So rather than trying to define anomalies more precisely, we shall deliberately proceed with the vague and subjective approach where anomalies are suspiciously different or inconsistent with the rest of the data.

### Rejecting anomalies

Many analysts have thrown away apparent anomalies because they were assumed to be errors. There are even formal statistical tests to tell you which observations should be ignored. In my view, this is a dangerous practice. No anomalies should be removed unless you understand what led to their unusual behaviour in the first place. Often the most interesting observations are the ones that appear anomalous. They are the ones that tell us something new and unexpected, so we should not be too quick to reject them.

Sometimes we may want to use methods that are robust to anomalies, so that we can ignore them without worrying about their effect on the analysis. But this is not the same as removing them. Even when we use robust methods, it is still worth investigating any observations that appear anomalous, in order to fully understand the variation in the data.

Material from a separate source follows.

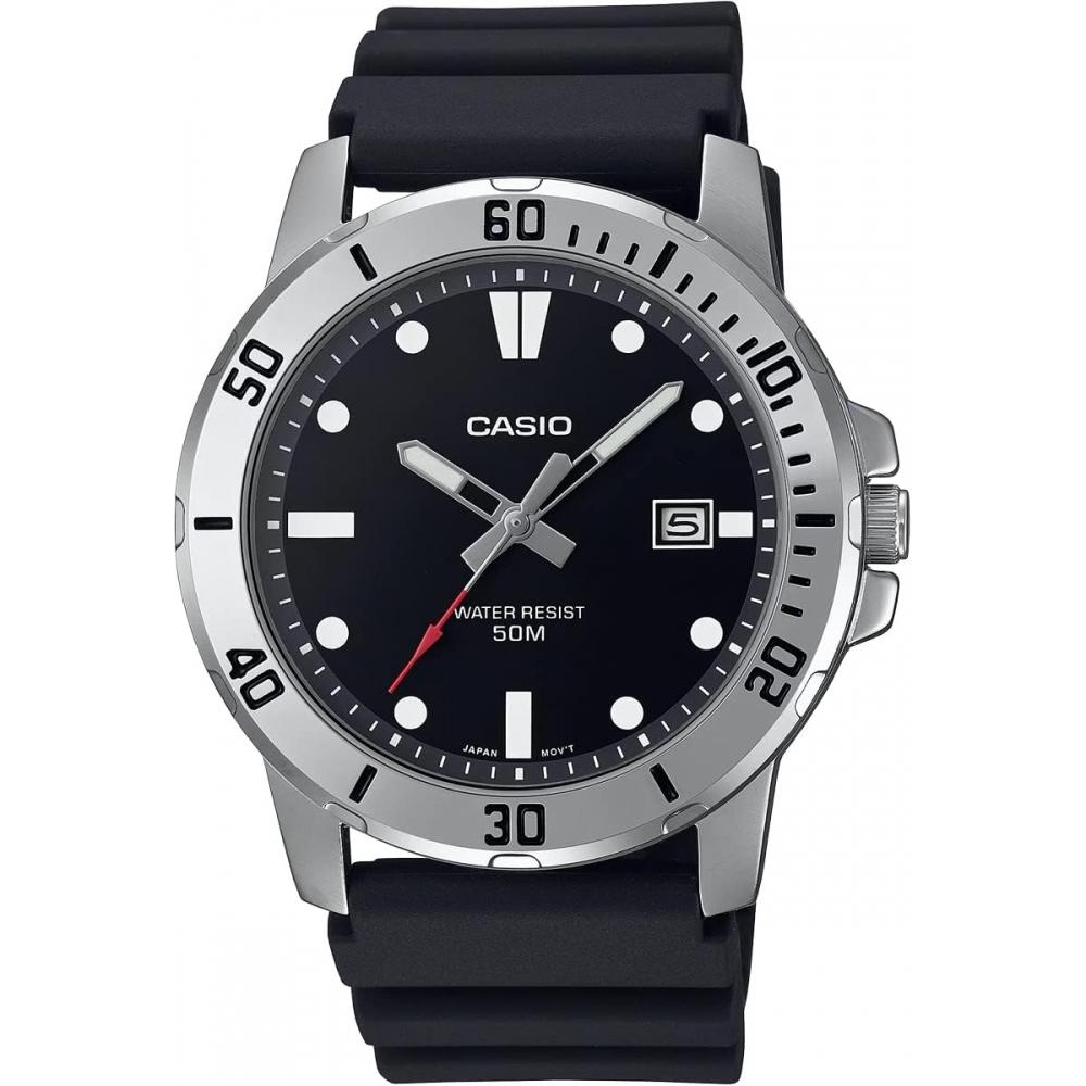 The CASIO Standard Analog Quartz Men's Watch MTP-VD01-1EV Military Black is a timepiece that combines style and functionality. With 5 ATM water resistance, it protects against moisture in daily life, and its mineral glass is resistant to scratches, providing excellent durability. The watch includes a date display function and boasts an average monthly accuracy of ±20 seconds, adding to its practicality. It also features a battery life of approximately three years for continuous use.

### How NASA didn’t discover the hole in the ozone layer

There is a widespread myth that NASA did not discover the hole in the ozone layer above the Antarctic because they had been throwing away anomalous data that would have revealed it. This is not true, but the real story is also instructive .

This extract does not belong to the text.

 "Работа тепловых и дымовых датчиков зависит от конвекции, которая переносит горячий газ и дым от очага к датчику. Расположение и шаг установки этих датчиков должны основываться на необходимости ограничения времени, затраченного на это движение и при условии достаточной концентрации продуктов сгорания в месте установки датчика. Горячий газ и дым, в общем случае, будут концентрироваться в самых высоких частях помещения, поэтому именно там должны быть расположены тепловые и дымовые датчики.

NASA had been collecting satellite data on Antarctic ozone levels using a Total Ozone Mapping Spectrometer (TOMS) since 1979, while British scientists had collected ozone data using ground sensors at the Halley Research Station, on the edge of the Brunt Ice Shelf in Antarctica, since 1957. Figure 1.1 shows average daily values from the NASA measurements in blue, and from the British observations in orange. There is a clear downward trend in the British data, especially from the late 1970s, which is confirmed with the NASA data. So why wasn’t the “ozone hole” discovered until 1985?

Code
tmp <- readr::read_csv(here::here("data/halley_toms_ozone.txt"), skip=2) |>
rename(
Year = "#   year",
Instrument = "instrument",
Ozone = "ozone"
)
ozone <- bind_rows(
tmp |>
filter(!is.na(Instrument)),
tmp |>
filter(is.na(Instrument), !stringr::str_detect(Year, "^#")) |>
mutate(Instrument = "Halley")
) |>
mutate(
)
ozone |>
filter(Instrument %in% c("Halley", "TOMS")) |>
ggplot(aes(x = Year, y = Ozone, color = Instrument)) +
geom_point() +
geom_hline(aes(yintercept = 180), col="gray") +
labs(y = "Total Ozone (DU)") +
scale_y_continuous(sec.axis = dup_axis(breaks = 180, name = ""))

The British scientists had noticed the low ozone values as early as 1981, but it took a few years for the scientists to be convinced that the low values were real and not due to instrument problems, and then there were the usual publication delays. Eventually, the results were published in Farman, Gardiner, and Shanklin (1985).

Meanwhile, NASA was flagging observations as anomalous when they were below 180 DU (shown as a horizontal line in Figure 1.1). As is clear from the figure, this is much lower than any of the plotted points before the early 1980s. However, the 180 threshold was used for the daily measurements, which are much more variable than the monthly averages that are plotted. Occasionally daily observations did fall below 180, and so it was a reasonable threshold for the purpose of identifying instrument problems.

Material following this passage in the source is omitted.